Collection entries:
━━━━━━

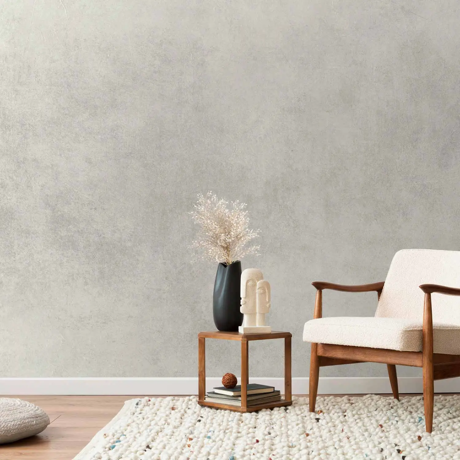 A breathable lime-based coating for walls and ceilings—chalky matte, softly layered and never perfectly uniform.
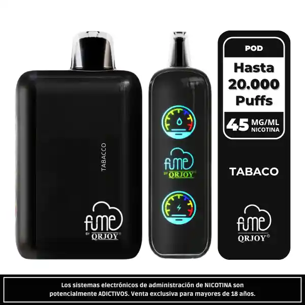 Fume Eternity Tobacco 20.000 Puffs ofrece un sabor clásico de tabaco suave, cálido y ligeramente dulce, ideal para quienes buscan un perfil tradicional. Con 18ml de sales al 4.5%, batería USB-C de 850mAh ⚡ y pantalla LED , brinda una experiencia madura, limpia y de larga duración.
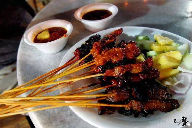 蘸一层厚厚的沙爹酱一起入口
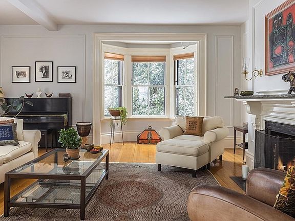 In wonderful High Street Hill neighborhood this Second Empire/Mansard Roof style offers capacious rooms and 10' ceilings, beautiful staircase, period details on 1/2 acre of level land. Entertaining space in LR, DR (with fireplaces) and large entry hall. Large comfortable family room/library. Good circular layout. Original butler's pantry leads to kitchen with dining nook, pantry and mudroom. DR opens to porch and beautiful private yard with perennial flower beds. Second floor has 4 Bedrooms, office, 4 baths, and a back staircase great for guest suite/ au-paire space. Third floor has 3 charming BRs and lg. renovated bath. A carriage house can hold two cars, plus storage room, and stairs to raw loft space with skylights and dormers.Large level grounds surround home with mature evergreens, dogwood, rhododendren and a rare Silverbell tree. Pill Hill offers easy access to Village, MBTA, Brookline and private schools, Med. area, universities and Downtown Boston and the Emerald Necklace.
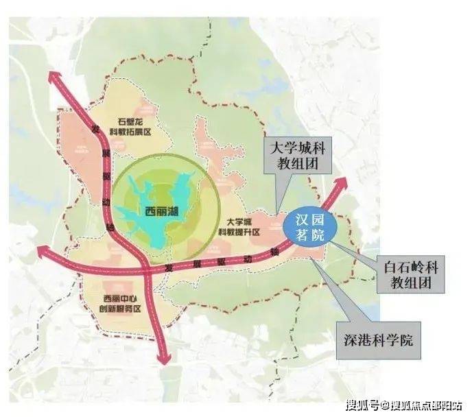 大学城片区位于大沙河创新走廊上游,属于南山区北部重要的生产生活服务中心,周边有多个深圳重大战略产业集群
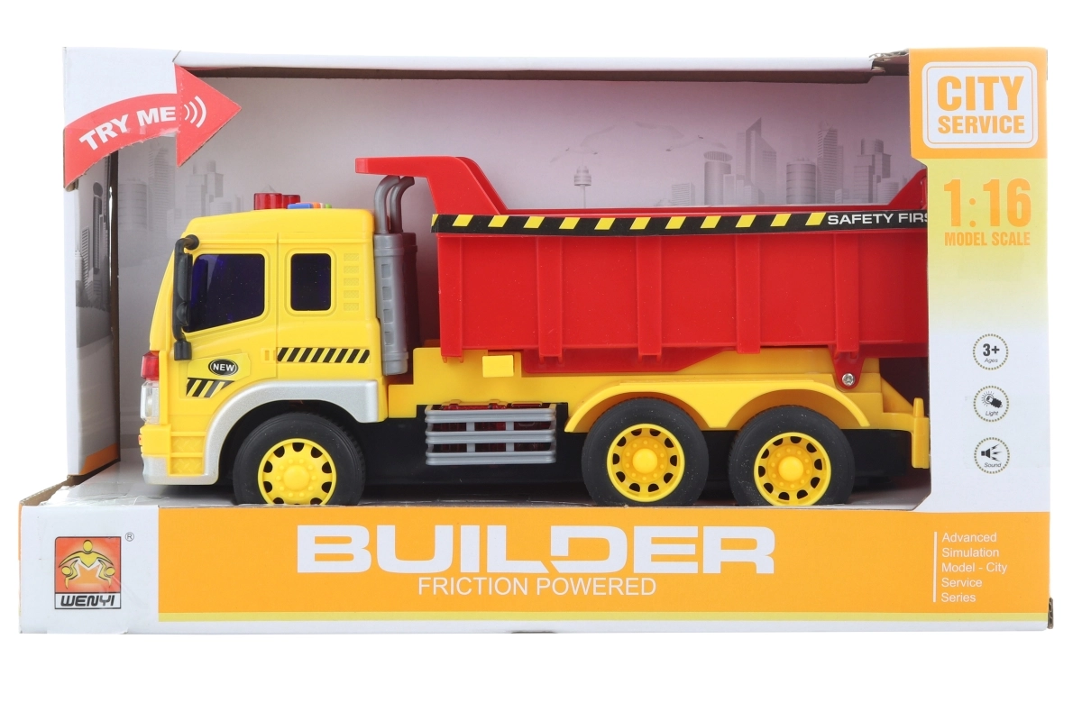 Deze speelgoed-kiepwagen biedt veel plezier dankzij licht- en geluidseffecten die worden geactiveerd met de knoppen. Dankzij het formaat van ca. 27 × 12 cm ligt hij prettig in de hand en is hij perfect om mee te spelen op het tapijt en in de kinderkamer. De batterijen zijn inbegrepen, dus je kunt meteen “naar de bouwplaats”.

━━━━━━

=== WHAT THIS TASK INVOLVES ===
Please reproduce the lines above from the one containing "大学城片区位于大沙河创新走廊" through the final line, exactly and inclusively, leaving out each picture.

=== TASK ANSWER ===
 大学城片区位于大沙河创新走廊上游,属于南山区北部重要的生产生活服务中心,周边有多个深圳重大战略产业集群
 Deze speelgoed-kiepwagen biedt veel plezier dankzij licht- en geluidseffecten die worden geactiveerd met de knoppen. Dankzij het formaat van ca. 27 × 12 cm ligt hij prettig in de hand en is hij perfect om mee te spelen op het tapijt en in de kinderkamer. De batterijen zijn inbegrepen, dus je kunt meteen “naar de bouwplaats”.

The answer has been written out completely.